Public bug reported:
We create and deploy custom AMIs based on Ubuntu Jammy and we noticed
since jammy-20230428 that randomly all the AMI based on it sometimes
fail during the boot process. I can destroy and deploy again to get rid
of this.

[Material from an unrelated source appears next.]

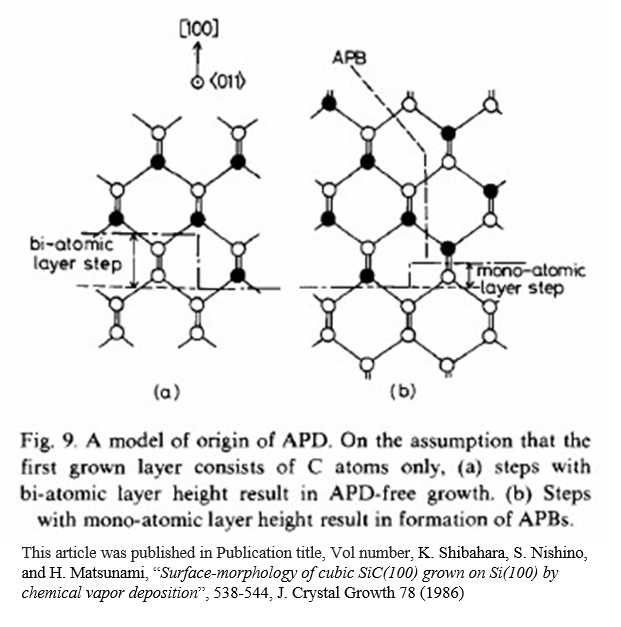 Si(100)基板上に3C-SiC(100)がエピタキシャル成長する際に起こるAPDの生成機構を説明する模式図.Si 基板表面の原子ステップの高さにより,APD(Anti-Phase-Domain)が発生しない場合((a))と発生する場合((b))が存在することを提案した(1986 年).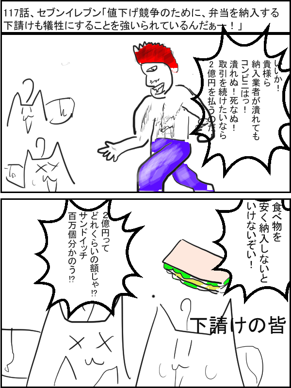 セブンイレブン「値下げ競争のために、弁当を納入する下請けも犠牲にすることを強いられているんだぁー!」 | 2017 7/20 |

The stack trace is always the same:
```
[ 849.765218] INFO: task swapper/0:1 blocked for more than 727 seconds.
[ 849.774999] Not tainted 5.19.0-1025-aws #26~22.04.1-Ubuntu
[ 849.787081] "echo 0 > /proc/sys/kernel/hung_task_timeout_secs" disables this
message.
[ 849.811223] task:swapper/0 state:D stack: 0 pid: 1 ppid: 0
flags:0x00004000
[ 849.883494] Call Trace:
[ 849.891369] <TASK>
[ 849.899306] __schedule+0x254/0x5a0
[ 849.907878] schedule+0x5d/0x100
[ 849.917136] io_schedule+0x46/0x80
[ 849.970890] blk_mq_get_tag+0x117/0x300
[ 849.976136] ? destroy_sched_domains_rcu+0x40/0x40
[ 849.981442] __blk_mq_alloc_requests+0xc4/0x1e0
[ 849.986750] blk_mq_get_new_requests+0xcc/0x190
[ 849.992185] blk_mq_submit_bio+0x1eb/0x450
[ 850.070689] __submit_bio+0xf6/0x190
[ 850.075545] submit_bio_noacct_nocheck+0xc2/0x120
[ 850.080841] submit_bio_noacct+0x209/0x560
[ 850.085654] submit_bio+0x40/0xf0
[ 850.090361] submit_bh_wbc+0x134/0x170
[ 850.094905] ll_rw_block+0xbc/0xd0
[ 850.175198] do_readahead.isra.0+0x126/0x1e0
[ 850.183531] jread+0xeb/0x100
[ 850.189648] do_one_pass+0xbb/0xb90
[ 850.193917] ? crypto_create_tfm_node+0x9a/0x120
[ 850.207511] ? crc_43+0x1e/0x1e
[ 850.211887] jbd2_journal_recover+0x8d/0x150
[ 850.272927] jbd2_journal_load+0x130/0x1f0
[ 850.280601] ext4_load_journal+0x271/0x5d0
[ 850.288540] __ext4_fill_super+0x2aa1/0x2e10
[ 850.296290] ? pointer+0x36f/0x500
[ 850.304910] ext4_fill_super+0xd3/0x280
[ 850.372470] ? ext4_fill_super+0xd3/0x280
[ 850.380637] get_tree_bdev+0x189/0x280
[ 850.384398] ? __ext4_fill_super+0x2e10/0x2e10
[ 850.388490] ext4_get_tree+0x15/0x20
[ 850.392123] vfs_get_tree+0x2a/0xd0
[ 850.395859] do_new_mount+0x184/0x2e0
[ 850.468151] path_mount+0x1f3/0x890
[ 850.471804] ? putname+0x5f/0x80
[ 850.475341] init_mount+0x5e/0x9f
[ 850.478976] do_mount_root+0x8d/0x124
[ 850.482626] mount_block_root+0xd8/0x1ea
[ 850.486368] mount_root+0x62/0x6e
[ 850.568079] prepare_namespace+0x13f/0x19e
[ 850.571984] kernel_init_freeable+0x120/0x139
[ 850.575930] ? rest_init+0xe0/0xe0
[ 850.579511] kernel_init+0x1b/0x170
[ 850.583084] ? rest_init+0xe0/0xe0
[ 850.586642] ret_from_fork+0x22/0x30
[ 850.668205] </TASK>
```
This happens since 5.19.0-1024-aws, I have now rolled back to 5.19.0-1022-aws.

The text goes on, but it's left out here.